Records from a dataset:
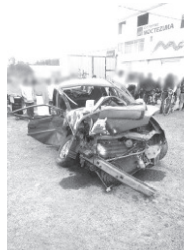
Los bomberos y paramédicos de Protección Civil Municipal acudieron y auxiliaron a los afectados, quienes fueron canalizados a un hospital.

La otra unidad siniestrada es de la marca Ford Fusion, color gris. Oficiales de la Policía de Tránsito arribaron a la escena e hicieron el peritaje correspondiente para deslindar responsabilidades. Por último, los vehículos perjudicados fueron llevados a un corralón.
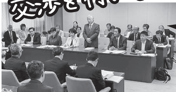
日本共産党大分県委員会の予算要望(10/25)
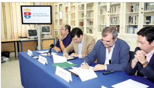
Momento en el que ambas administraciones firman el convenio.

Para el uso público -que se concreta fuera de horario lectivo, los fines de semana y en período estival- se construirán dos accesos, uno a través de la calle Cultura, y otro por la calle Valdés Leal.
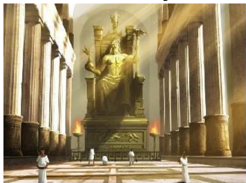
Храм Зевса в Олимпии

https://anygreece.com/pocmotret/istoricheskie-pamyatniki/statuya-zevsa-i-hram-v-olimpii.html
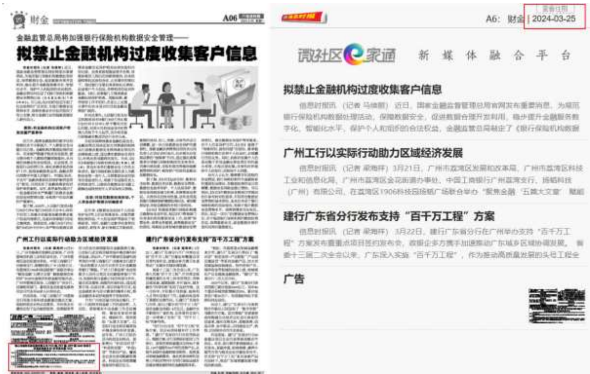
图 4 报纸公示截图（2024 年 3 月 25 日）
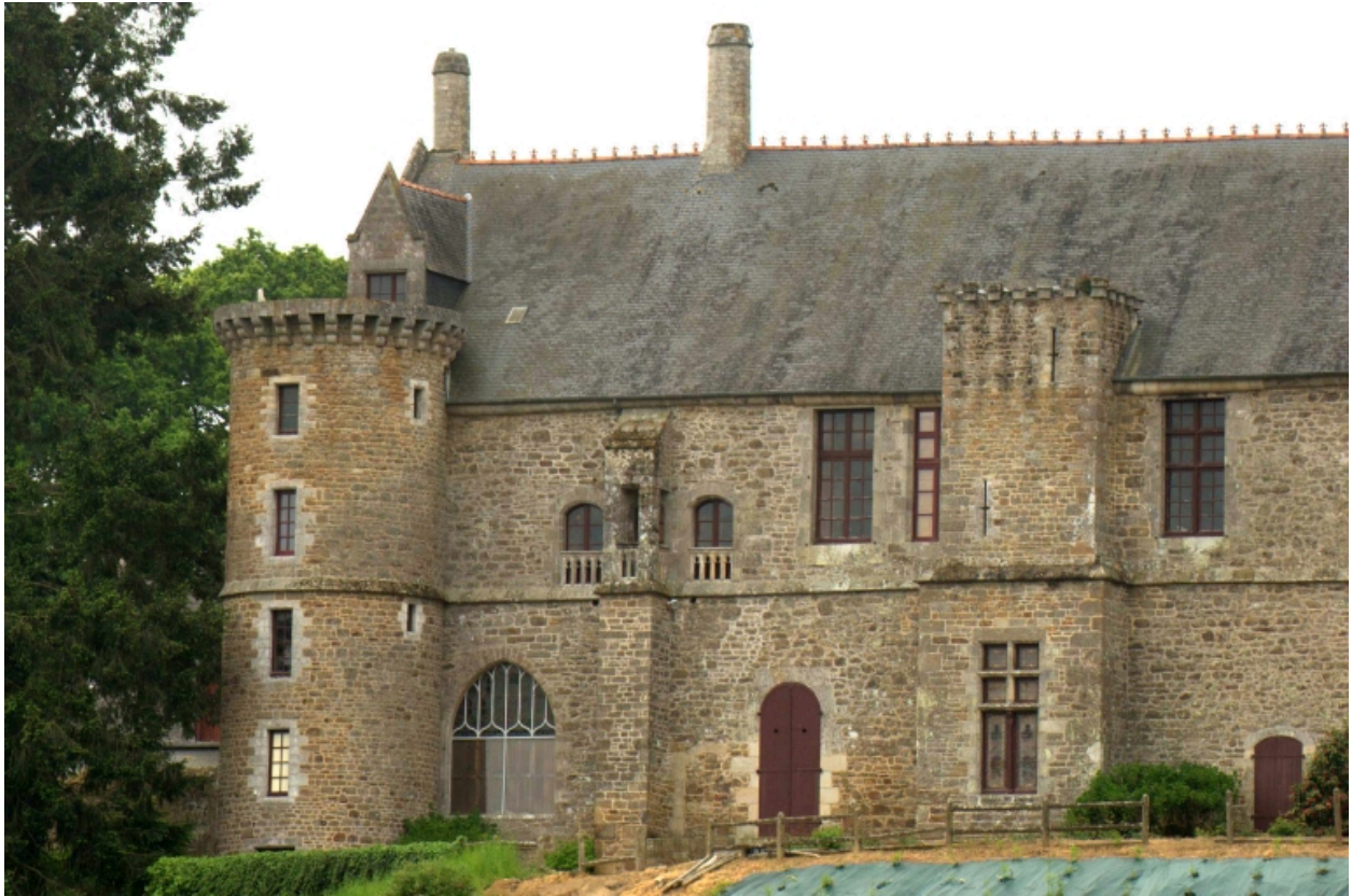
Château, façade donnant sur la Rance, détail
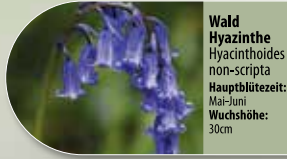
Wald Hyazinthe Hyacinthoides non-scripta Hauptblütezeit: Mai-Juni Wuchshöhe: 30cm

### TASK TO COMPLETE
Go through the entries and return each line where the word "fueron" appears.

### RESPONSE BOX
Los bomberos y paramédicos de Protección Civil Municipal acudieron y auxiliaron a los afectados, quienes fueron canalizados a un hospital.
La otra unidad siniestrada es de la marca Ford Fusion, color gris. Oficiales de la Policía de Tránsito arribaron a la escena e hicieron el peritaje correspondiente para deslindar responsabilidades. Por último, los vehículos perjudicados fueron llevados a un corralón.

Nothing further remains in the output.